В общем, я росла вместе с тыквами, старея вместе с воспоминаниями города о счастье, а река на горизонте, которую я почти каждый день переезжала по мосту на велосипеде, потихоньку утратила для меня свой шарм и обаяние. Но всё же я любила красоту своих мест. И освещённую солнцем, и укутанную в туманы, и морозную, заснеженную, и промозглую, пасмурную – в родном крае красоту можно было найти в любой час года: поля, река, лесистые холмы у подтопленных грунтовыми водами карьеров, на одном из которых держали лодочную станцию, и летнее кафе. Осенью и зимой мы, подростки, пробирались в его незапертое чрево, и порой до самого утра глядели на отраженные в ледяной озёрной воде звёзды, блистающие сквозь силуэты деревьев, которые нередко серебрила для нас полная луна. Мы воображали себя древними индейцами великих озёр, или современными заносчивыми американцами, ныне живущими в роскоши на тех же безлюдных, величественных индейских берегах…

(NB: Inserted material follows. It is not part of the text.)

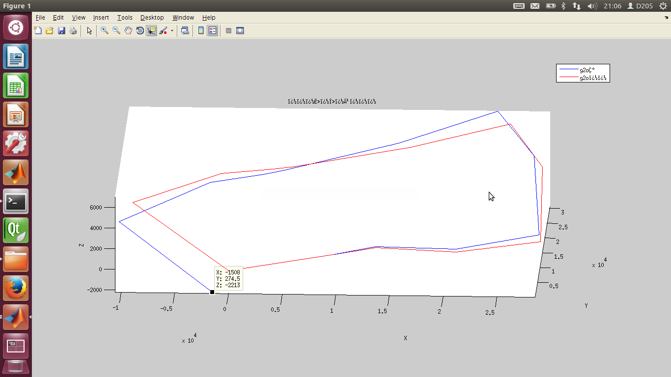 通过matlab绘制出了poses图,在该图表中用蓝色线条标识的是在g2o处理之前的轨迹线段(即初始路径),而红色线条则代表经过g2o优化后的路径线段(即最终确定的最优路径)。起始点设置在坐标[1,1,1]的位置上。从图表中可以看出,在处理完所有poses之后得到的结果为最后一个pose点坐标为[-1508, 274.5, -2213](相对于起始点而言差距显著),而起始点位置与之相比发生了明显的变化,并且经过g2o优化后两者几乎重合,并对其他所有poses进行了必要的修正以提高整体精度

А иногда на погост отвозили мёртвых.
Тогда угрюмая грунтовая дорога, связывающая город с фермерскими домами и кладбищем у подножья далёкого, поросшего кустарником, Одинокого холма, дорога, проходившая мимо нашего дома, и почти всегда пустынная, оживала.
Естественно, для рабочего захолустья любое отклонение от заведённого распорядка дня становится поводом для праздника, какое бы событие за этим отклонением не стояло, однако в фарфоровом городке заметных событий было так мало, а горестей так много, что ни один праздник жизни не мог затмить в округе праздника смерти, когда все, от мала до велика, старались выказать последнее уважение человеку, так или иначе прошедшему с ними тяжкий жизненный путь.
Традиция торжественных похорон угнездилась в округе ещё со времён основания городка, бывшего сперва всего лишь поселением работников фарфоровой мануфактуры. Частая смертность, тяжелый труд, жажда жизни, и гордость за своё ремесло сплотили, в своё время, жителей города даже крепче, чем недавно пришедшая на смену благосостоянию нужда. С тех, изначальных времён и пошла традиция: даже беднякам надевать богатый траур по умершим, нанимать самые лучшие повозки и дроги для проводов в последний путь, и провожать усопшего всем миром, не взирая, по возможности, ни на что. Понемногу эти проводы обросли обычаями: вдовы и сироты непременно обязаны были следовать за гробом в достойном события экипаже, скорбящие родственники и друзья нести высокие свечи, а мальчишки и девчонки, отпущенные по такому поводу с уроков, должны были всю (насколько хватит) дорогу от города до кладбища усыпать мелкими белыми лепестками, или, если похороны проходили зимой, красными листьями и вечно зелёным лапником.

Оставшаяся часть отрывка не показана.